The broader labor picture helped explain why those openings matter. The Bureau of Labor Statistics said hiring rose to 5.6 million in March 2026, while total job openings were essentially unchanged at 6.866 million and total separations changed little at 5.4 million. Retail trade stood out inside that report: openings in the sector climbed to 737,000, up 52,000 from February, and the openings rate rose to 4.6 percent.

For Big Lots, that kind of labor market can cut both ways. More hiring activity can give applicants more options, but it can also make it easier for store leaders to fill schedules, replace turnover, and build a bench of future supervisors.
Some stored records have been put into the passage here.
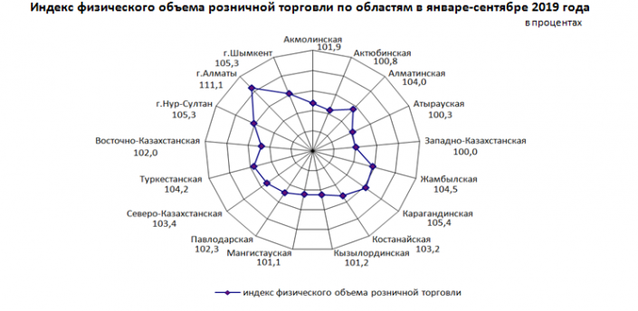 По данным ведомства, наибольший удельный вес в общем объеме розничной торговли республики в январе-сентябре 2019 года приходится на Алматы - 31,2 процента, Нур-Султан - 12 процентов, Карагандинскую область - 9 процентов, Восточно-Казахстанскую область - 8,8 процента.
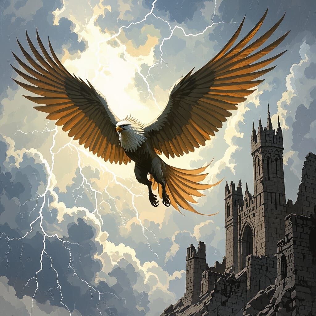 A majestic griffin soars through a stormy sky above a ruined gothic castle. The image features dynamic brushstrokes and cinematic lighting, with industrial details, in a dramatic style.
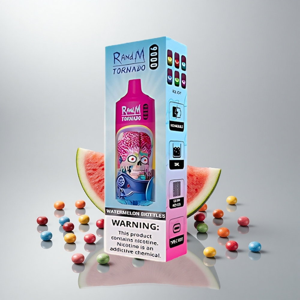 RandM Tornado 9000 Puffs Vesimeloni Skittles 850 mAh Ladattava 18 mL Mesh-käämi RGB-näyttö
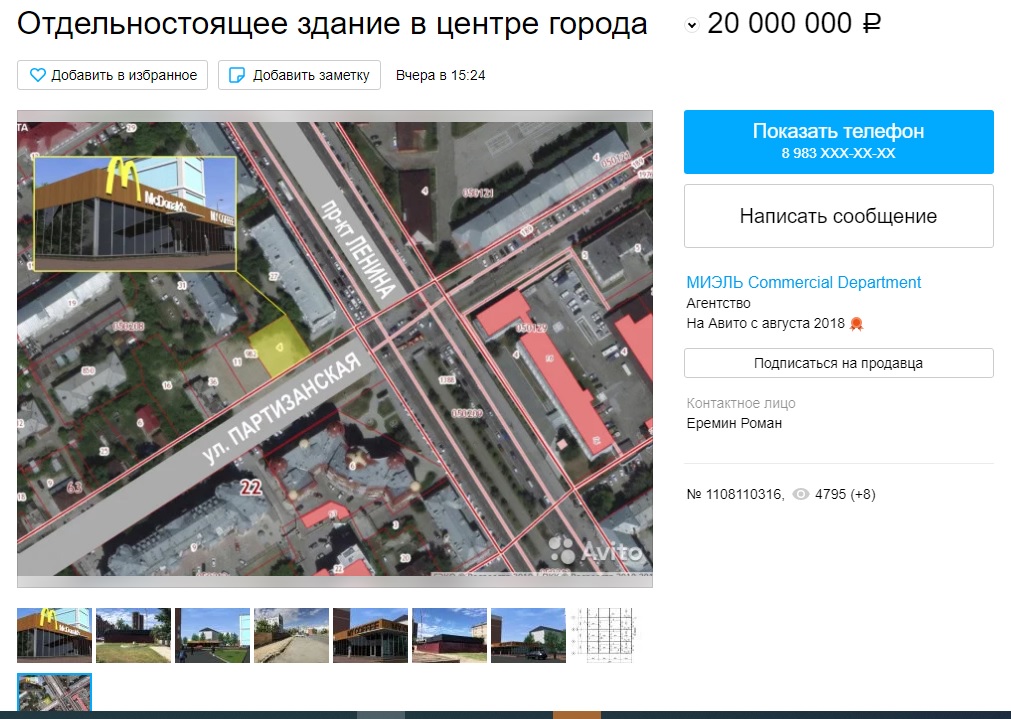 Опубликованное 16 марта объявление практически полностью повторяет объявление о продаже того здания, в котором сейчас находится «Черный квадрат». Агентом тогда также выступало «Миэль». Совпадает даже цена – 20 млн рублей. То объявление было опубликовано еще в июле 2019 года. Судя по публикации, изображения и текст были использованы из старого объявления, также указания на земельный участок, где уже стоит кофейня. Подчеркивается, что использованные на фасаде бренды не имеют отношения к зданию, а приложены для примера.

Big Lots said its openings stretched across more than 220 stores in 17 states, along with store support centers in Columbus, Ohio, and Henderson, North Carolina.
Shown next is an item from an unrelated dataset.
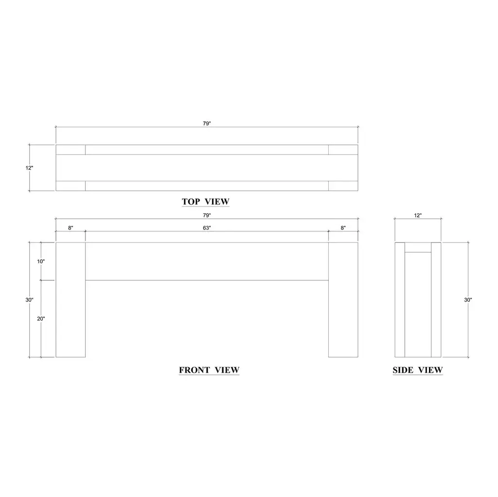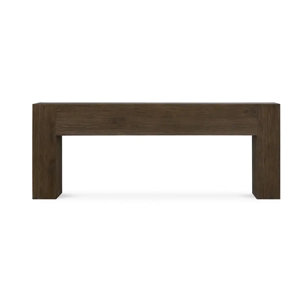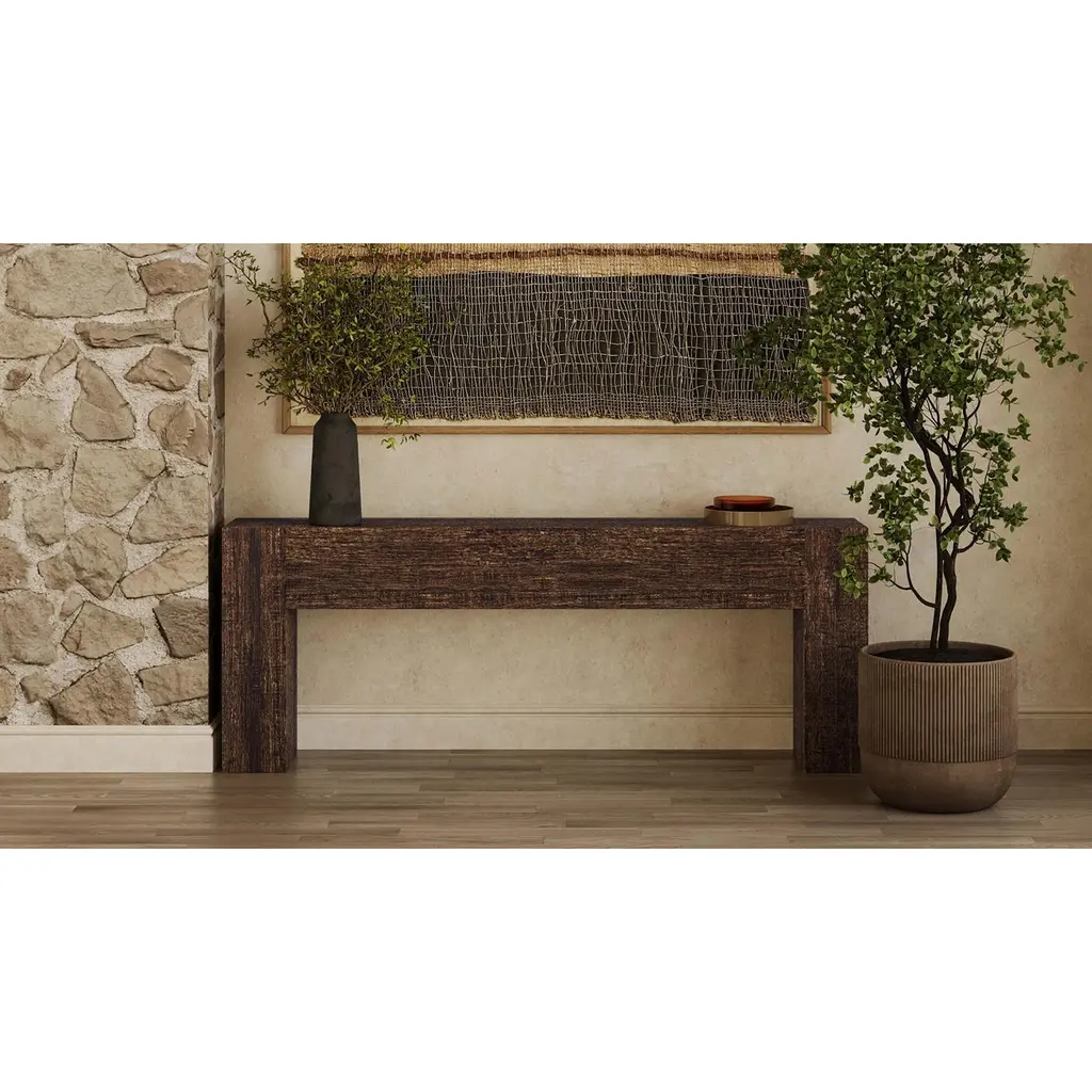 Crafted from teak in a Tuscan Brown finish, its block-style form is softened by a weathered, distressed surface that lends depth and natural character. The substantial proportions and clean, uninterrupted planes make it a powerful yet understated presence in both rustic and contemporary interiors. With its pared-down geometry and natural warmth, this console table functions as a sculptural anchor in entryways, behind sofas, or along feature walls. The long top is ideal for displaying art objects, ceramics, or layered decor, while the wide open base adds visual lightness. A true expression of elemental design, this piece embraces authenticity, balance, and quiet luxury. Dimensions: 79" W x 12" D x 30" H

That spread suggests the company was hiring not just for front-line retail work, but for the back-office functions that keep stores moving. Merchandising, marketing, IT, finance, and human resources all appeared on the hiring list, alongside the positions that directly affect the sales floor and register. For workers, that mix can create more paths inside the company, especially for employees who can move from cashier or stock work into assistant manager or district-level roles.

Big Lots said employment and advancement were offered without regard to protected characteristics, underscoring that hiring and promotion decisions were meant to turn on qualifications and performance. In a retail environment where availability, cross-training, and reliability often shape who gets the next shift or the next rung up, that approach can matter as much as the number of open jobs itself.

The March data showed a labor market that was still adding and shifting workers, but not in the overheated way retailers saw earlier in the cycle. For Big Lots employees and job seekers, the immediate picture was one of steady openings, broader mobility, and a company still staffing stores and support centers at scale.